======== Available data

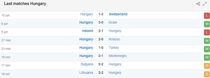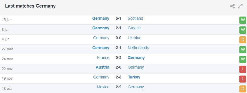 Phong độ gần đây của Đức vs Hungary
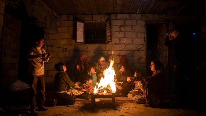 Famille à Khan Younes au coeur de l'hiver
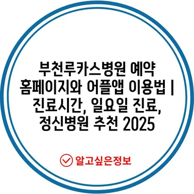 부천루카스병원 예약 홈페이지와 어플앱 이용법 | 진료시간, 일요일 진료, 정신병원 추천 2025에 대해 알아보겠습니다.
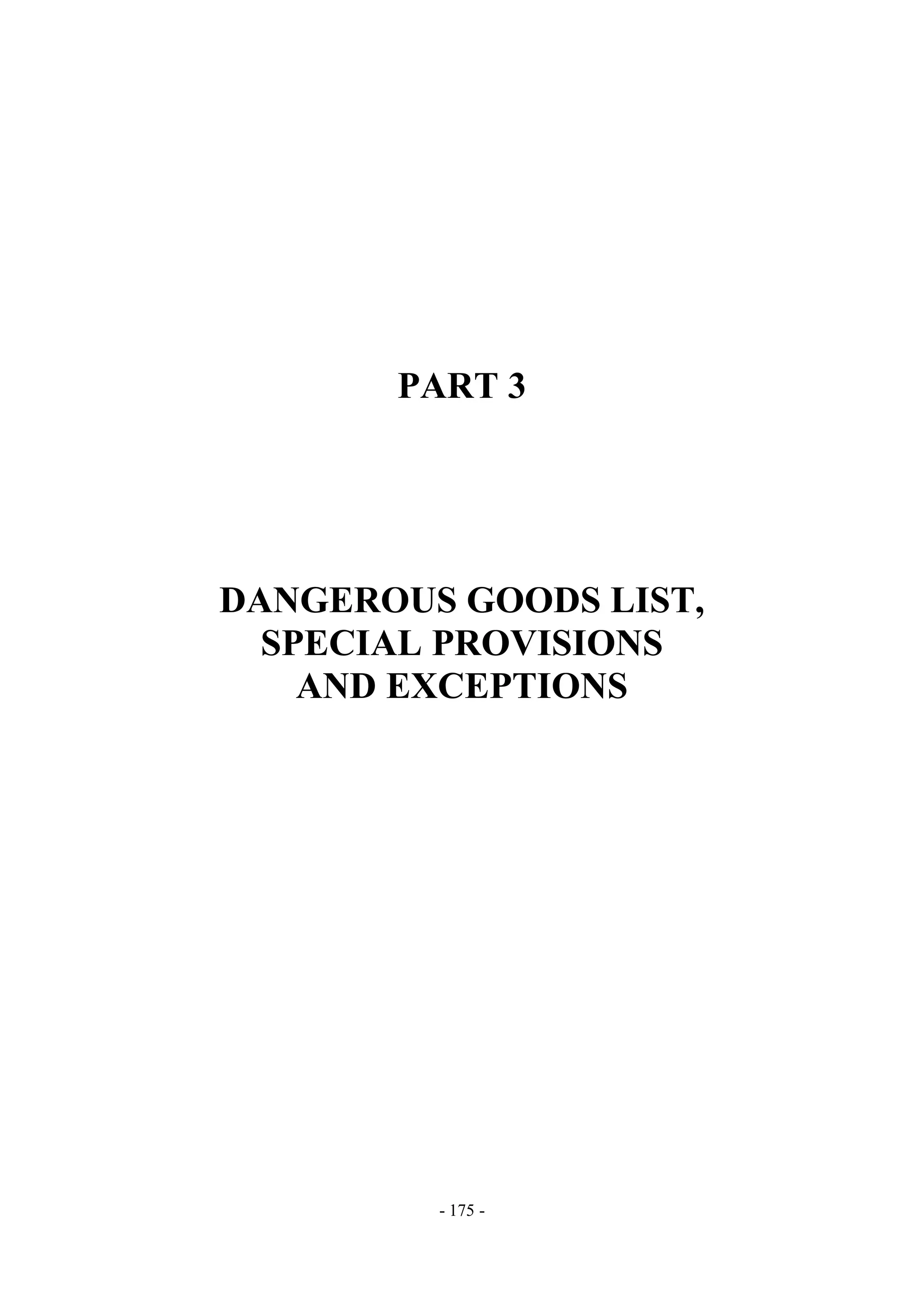 This document contains information about dangerous goods lists, special provisions, and exceptions for transporting hazardous materials. It discusses the scope of dangerous goods covered, proper shipping names, generic entries, and requirements for listing constituents of mixtures. Key points include that the list aims to cover commonly transported dangerous substances, substances must meet classification criteria to be transported under a generic entry, and mixtures described by certain entries need to list only the two main hazard-causing constituents.

================

■ Exercise prompt: Full transcription of the material, exact in every line, without images.

■ Exercise answer:
 Phong độ gần đây của Đức vs Hungary
 Famille à Khan Younes au coeur de l'hiver
 부천루카스병원 예약 홈페이지와 어플앱 이용법 | 진료시간, 일요일 진료, 정신병원 추천 2025에 대해 알아보겠습니다.
 This document contains information about dangerous goods lists, special provisions, and exceptions for transporting hazardous materials. It discusses the scope of dangerous goods covered, proper shipping names, generic entries, and requirements for listing constituents of mixtures. Key points include that the list aims to cover commonly transported dangerous substances, substances must meet classification criteria to be transported under a generic entry, and mixtures described by certain entries need to list only the two main hazard-causing constituents.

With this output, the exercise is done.